Countries around the globe are investing billions of dollars to monitor and expand our knowledge of the vast and virtually unexplored oceans. Oceans affect our everyday lives, controlling global climate, acting as a transportation hub, and providing a rich source of resources for national economies. The oceans have provided seemingly unlimited resources for thousands of years, but now this is changing and mankind is causing significant changes to the oceans and the planet. We need to understand how and why. Innovative new technologies are being developed to do just this.
In the past we have only seen brief glimpses of the ocean depths through technologies such as remotely operated vehicles (ROVs) and manned submersibles. However, thanks to the vision of leading scientists and governments, that is about to change significantly. The Canadian government, through the Canadian Foundation for Innovation (CFI) and the BC Knowledge Development Fund (BCKDF), has invested over $120 million in developing key infrastructure to transform the way scientists and the public view the oceans. The United States is also planning to invest billions of dollars into programs such as the Integrated Ocean Observing Systems (IOOS) and the Ocean Observatories Initiative (OOI). The Canadian funding has enabled two major observing system programs, VENUS (Victoria Experimental Network Under the Sea) and NEPTUNE (North-East Pacific Undersea Networked Experiments) Canada to be deployed off the west coast of Canada. These, and related programs, are managed through the University of Victoria (UVic) by Ocean Networks Canada (ONC).

Venus and Neptune
The VENUS observatory has been in operation for three years. This system is the first multi-node electro-optic cabled coastal observatory, currently with two system arrays, one in Saanich Inlet and one in the Strait of Georgia in British Columbia. UVic, in combination with the key industrial partner OceanWorks, developed innovative leading edge technology to enable VENUS to become a reality. The VENUS science program in the two study locations has lead to a wealth of new knowledge.

Saanich Inlet is a deep glacial fjord with poor deep water circulation that creates conditions for hypoxia, a reduction in dissolved oxygen. Hypoxia is becoming more prevalent around the world due anthropogenic causes. Saanich Inlet is an ideal location to study the chemistry of hypoxia events and related effects on benthic communities. Conditions are also ideal for studying water circulation of fjords and zooplankton migration. More unusual long-term studies include forensic science, taking advantage of VENUS video systems. The Saanich site is also the location of the new Ocean Technology Test Bed (OTTB) project, another multi-million dollar project funded by the CFI and BCKDF. The OTTB will provide access to the Saanich site via a novel deployment system that allows instruments to be lowered to the study area 100 meters below the surface without the need for an ROV and large support vessel.

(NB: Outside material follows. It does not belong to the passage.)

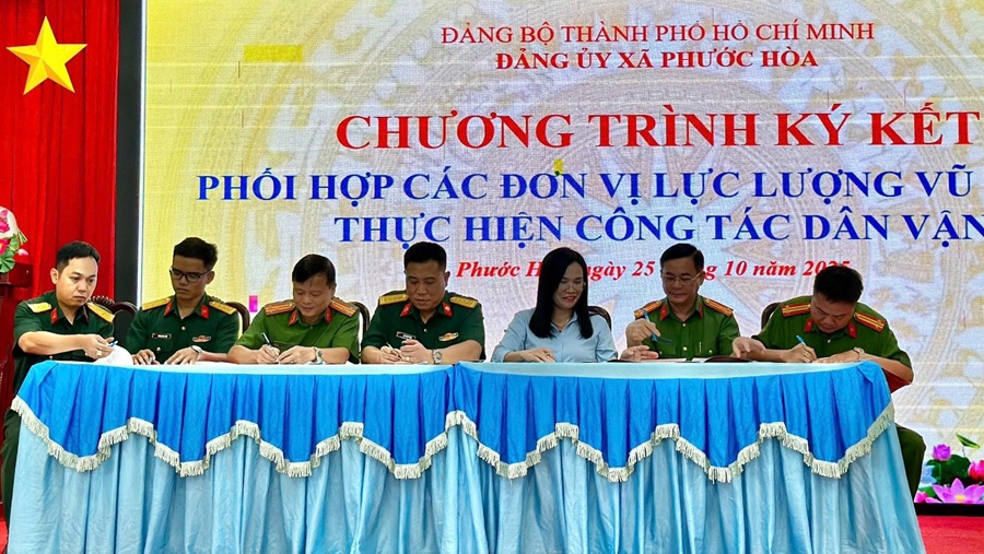 Tại Lễ phát động, Đảng ủy xã Phước Hòa đã ký kết kế hoạch phối hợp công tác dân vận năm 2025 với sáu đơn vị lực lượng vũ trang trú đóng trên địa bàn, nhằm phát huy sức mạnh tổng hợp trong xây dựng quốc phòng – an ninh, phát triển kinh tế – xã hội và giữ vững ổn định chính trị ở cơ sở. Đại diện lãnh đạo Ban Tuyên giáo và Dân vận Thành ủy cùng ông Tô Văn Đạt – Bí thư Đảng ủy, Chủ tịch HĐND xã đã chứng kiến lễ ký kết.

The NEPTUNE Canada observatory is just now entering the pre-operational phase with instrument arrays containing over 400 sensors being deployed along the 800 kilometers of electro-optic cable reaching from Vancouver Island across the Juan de Fuca tectonic plate. The largest cabled ocean observing system ever deployed, NEPTUNE Canada is expected to be fully commissioned in late 2009, providing international science teams with a continuous stream of data from a vast sensor network initially expected to deliver over 50 terabytes per year. This data will enable NEPTUNE Canada science teams to provide information to other scientists and the public on a diverse range of themes never before possible. This includes: the structure and seismic behaviour of the ocean crust; dynamics of hot and cold fluids and gas hydrates in the upper ocean crust and overlying sediments; ocean and climate change and effects on ocean biota and fisheries at all depths; deep-sea sedimentation; ecosystem dynamics and biodiversity; and engineering and computational systems research.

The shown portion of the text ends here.